> Try it
Below this sentence is a listing; return exactly its lines from the one with "FXAA, SMAA 등등의" to the one with "④ .實際測試白云石國標樣GBW07216A的數(shù)據(jù)如下為", both kept, and nothing more.

Top of Data for processing

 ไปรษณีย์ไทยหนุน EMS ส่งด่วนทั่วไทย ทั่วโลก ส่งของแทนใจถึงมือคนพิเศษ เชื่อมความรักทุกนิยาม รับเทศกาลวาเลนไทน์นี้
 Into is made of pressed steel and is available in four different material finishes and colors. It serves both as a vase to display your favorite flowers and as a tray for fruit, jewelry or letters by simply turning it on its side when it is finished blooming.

Bottom of Data for processing
Top of Data for processing

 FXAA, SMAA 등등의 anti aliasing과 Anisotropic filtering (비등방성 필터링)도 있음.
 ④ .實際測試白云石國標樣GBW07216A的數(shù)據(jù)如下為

Bottom of Data for processing

> Solution
 FXAA, SMAA 등등의 anti aliasing과 Anisotropic filtering (비등방성 필터링)도 있음.
 ④ .實際測試白云石國標樣GBW07216A的數(shù)據(jù)如下為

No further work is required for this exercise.